Previous studies have investigated potential associations between mutations in the CFTR gene and bronchial hyper-responsiveness with conflicting results. The Epidemiological Study of the Genetics and Environment of Asthma, Bronchial Hyperresponsiveness, and Atopy reported that the ΔF508 mutation was not associated to a significant extent with asthma (3.2% of carriers versus 2.9% of controls) (11). Others have suggested that the ΔF508 mutation can be protective for heterozygotes in the context of bronchial asthma (12). In contrast, three studies have reported an association between ΔF508 mutation and pansinusitis (6), asthma (13,14) and airflow limitation (15). Finally, a previous case series (16) found an association between mutations in CFTR that alter RNA splicing and/or functional chloride conductance to susceptibility and pathogenesis of adult bronchiectasis and pulmonary nontuberculous mycobacteria infection. This illustrates the importance of careful phenotying in genetic linkage and genome-wide association studies. Our case histories suggest that the association may be stronger in patients with asthma and a neutrophilic bronchitis.

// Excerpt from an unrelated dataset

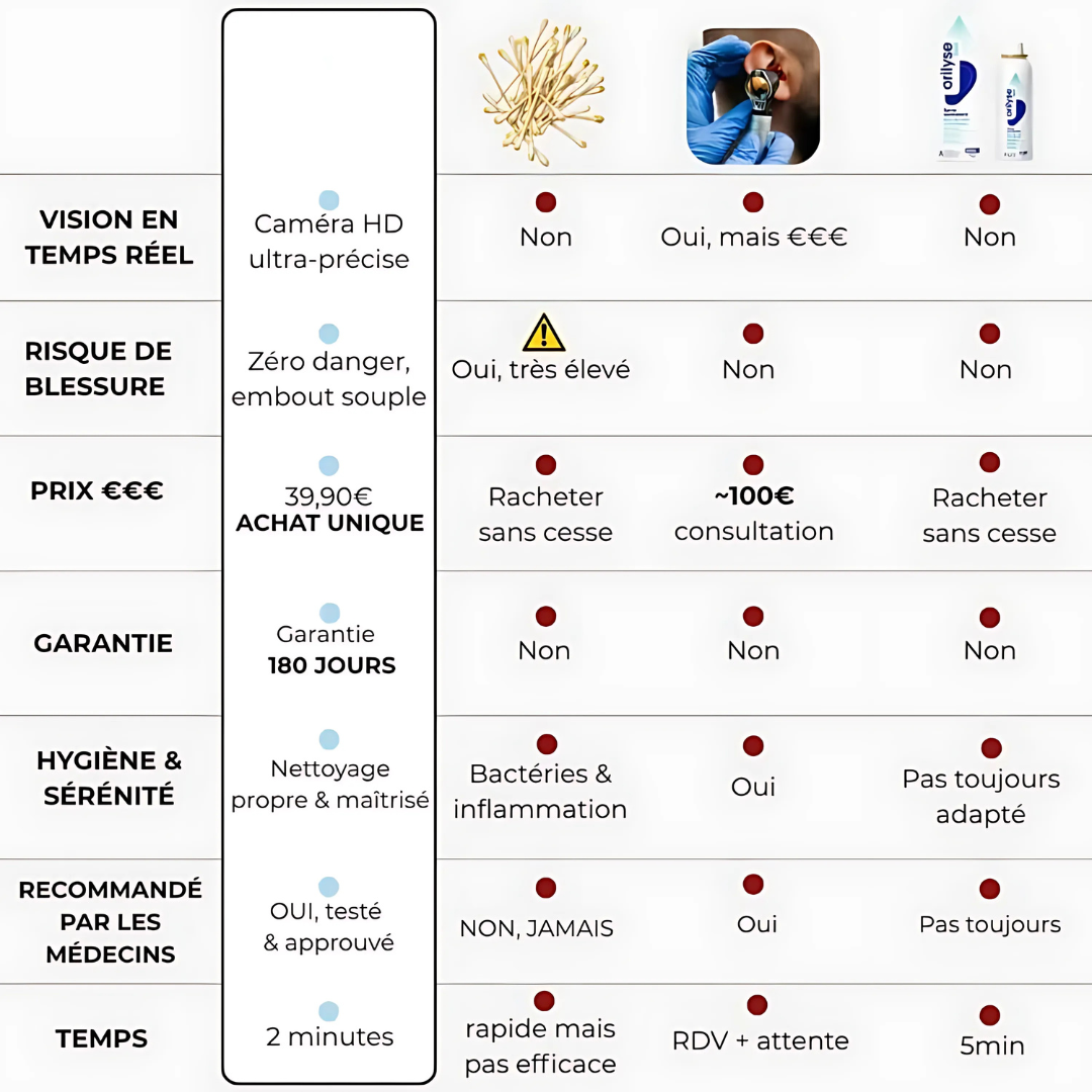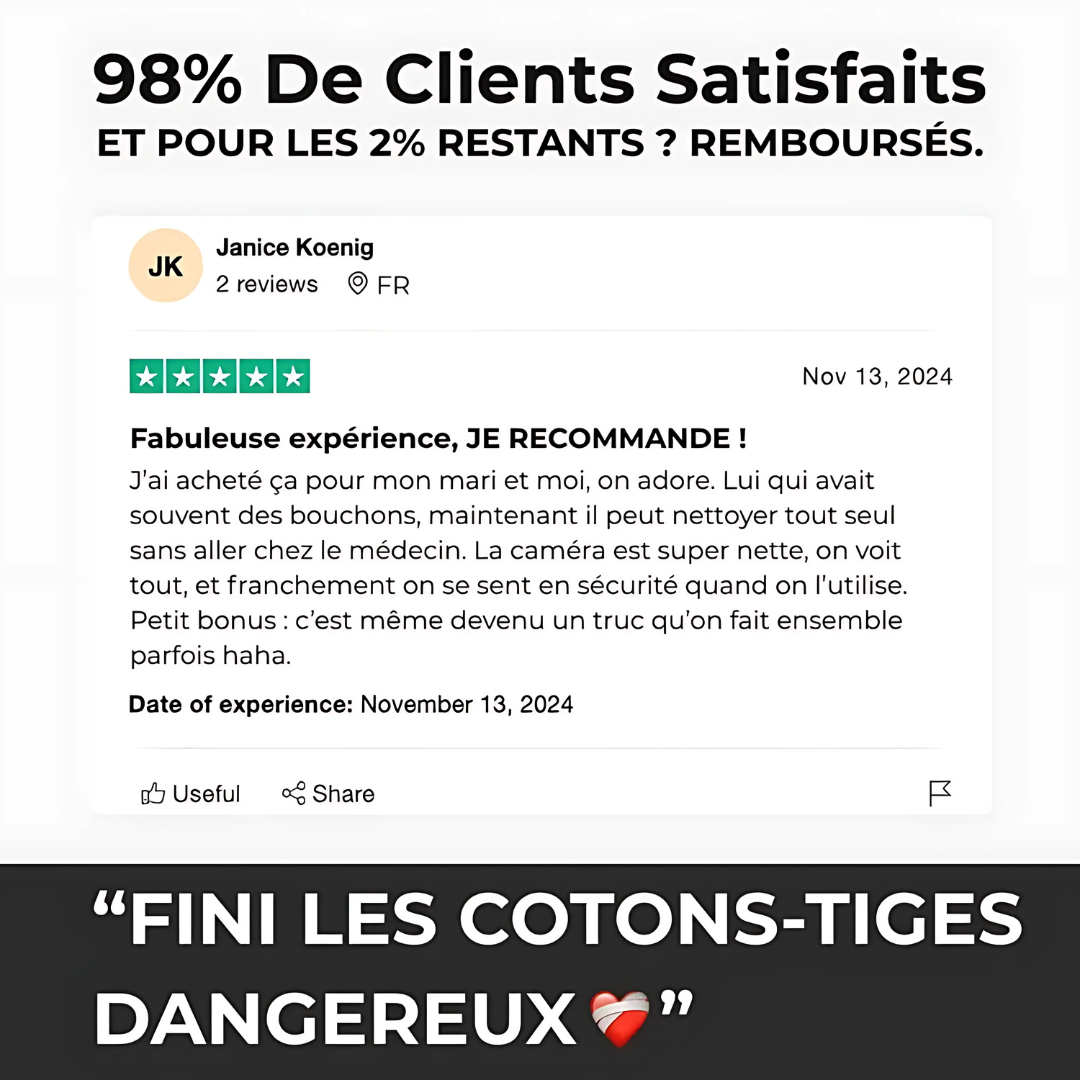 Niente più cotton fioc inefficaci. La fotocamera consente di rimuovere il cerume visibile e di sentirsi puliti fin dal primo utilizzo. Pulizia, prevenzione e precisione, tutto senza una visita medica.

The pathophysiology of lung damage in CF, including decreased mucociliary clearance, bacterial infection and retention, and inflammatory response leading to bronchiectasis, has been well described (17). One commonality between this pathway and the clinical phenotypes described in our case series is the underlying upregulation of the innate immune system, particularly neutrophils. A link between mutations in the CFTR protein and neutrophilia, mediated by smooth muscle cells and interleukin-8 has been established (18). Furthermore, decreased mucociliary clearance, which precedes infection, inflammation and innate immune response (hallmarked by neutrophilia) has previously been speculated to be present not only in CF patients, but also in a continuum of causes of chronic wet cough such as persistent bronchitis, chronic lung disease and bronchiectasis (19,20).

Hypertonic saline administration has previously been demonstrated to be efficacious in CF patients with regard to improvements in levels of lung function, frequency of exacerbations and antibiotic use during exacerbations (21). The theory behind the mechanism of action stems from the isotonic volume depletion hypothesis, which stipulates that CF mutations result in excess salt reabsorption across the respiratory epithelium, dehydrating airway mucous secretions and resulting in decreased mucociliary clearance, and increased rates of infection. Although hyperosmolar agents are useful in CF-related and non CF-related bronchiectasis (22), hypertonic saline has not specifically been evaluated in non-CF bronchiectasis. The clinical course of our patients suggests that hypertonic saline may also be beneficial to those with hyperinflammatory states linked to a broader spectrum of CFTR mutations. This warrants a prospective randomized clinical trial of nebulized hypertonic saline in patients with asthma and persistent or recurrent neutrophilic bronchitis, and various CFTR mutations with or without bronchiectasis. In contrast to a recent report (23), we did not identify any abnormalities in ciliary motility in our patients with severe asthma.

Acknowledgments

Dr Nair is funded by a Canada Research Chair in Airway Inflammometry.

SUMMARY

The present case series serves both to alert clinicians to consider a potential diagnosis of CFTR-related disease in patients with persistent neutrophilic bronchitis or sinusitis and asthma, and to highlight the potential utility of future genetic testing for CFTR abnormalities. As well, a potential role for nebulized hypertonic saline as a therapeutic option, in such individuals warrants consideration based on the clinical improvement seen in our case series.